『風習の意味を知る』

2015-01-06 8:30|記事一覧

年末の大晦日には年越し蕎麦を食べていると思いますが、なぜ12月31日にお蕎麦を食べるようになったのかが気になりましたので調べてみました。

まずその起源は、江戸時代の中頃に遡りますが、月の末日に蕎麦を食べる三十日蕎麦という習慣があり、これが転じて大晦日だけに食べる年越し蕎麦になったと考えられています。当時の江戸では脚気(かっけ)という病気が流行しており、「そばを食べている人は脚気にならない」という巷説がありました。それは本当で、脚気はビタミンB1の欠乏によって心不全と末梢神経障害をきたす疾患なのですが、江戸時代に入ってから、主食のお米が玄米から白米になった為、ビタミンB1を摂取できなくなり、脚気が流行してしまったそうです。つまりお蕎麦にはビタミンB1が豊富に含まれている為、脚気の予防につながったという訳です。

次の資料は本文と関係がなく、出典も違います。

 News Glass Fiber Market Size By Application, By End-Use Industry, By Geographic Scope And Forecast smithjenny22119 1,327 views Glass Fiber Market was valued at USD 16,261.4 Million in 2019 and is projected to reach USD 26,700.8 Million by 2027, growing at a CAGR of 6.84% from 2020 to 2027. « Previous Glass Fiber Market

このように年越し蕎麦には縁起を担ぐ以外にもきちんと意味があり、健康的に理にかなっていたのだと知りました。そして昔から続いている風習には生活に役立つ知恵がたくさん詰まっていて、それを習慣化する事で深い意味を知らなくても、人々が決まった季節に決まった行事をする事で、より良く暮らせるようになっていたのだと気付きました。

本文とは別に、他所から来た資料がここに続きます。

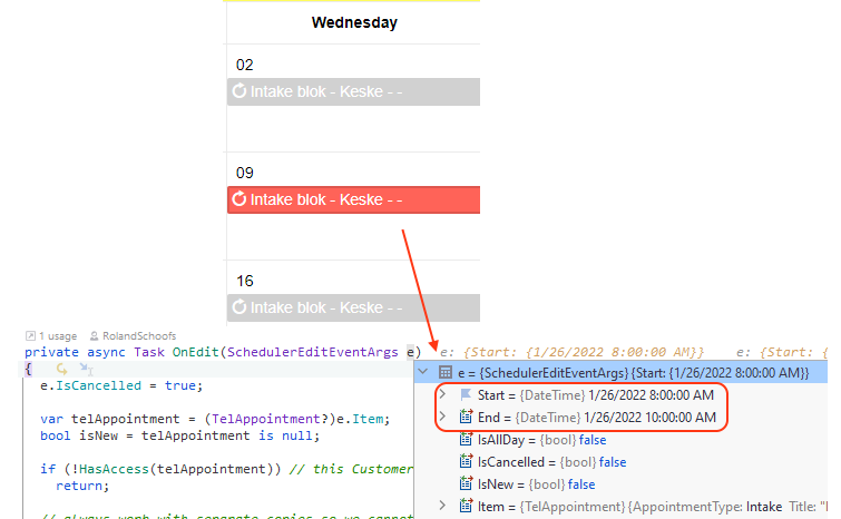 The series start in januari, I open an instance in februari, and SchedulerEditEventArgs shows the series start date, not the occurrence start date.

同じように仕事上でもマニュアルや手順は決まっていて、私達はその結果をきちんとこなす事ができれば、上手く仕事は回っていきます。しかしそこに至るまで工夫されてきた課程を知り、業務のルーツをたどる事で理解を深め、ひとつひとつの仕事への取組みをしっかりとできるようになるのではないかと思いました。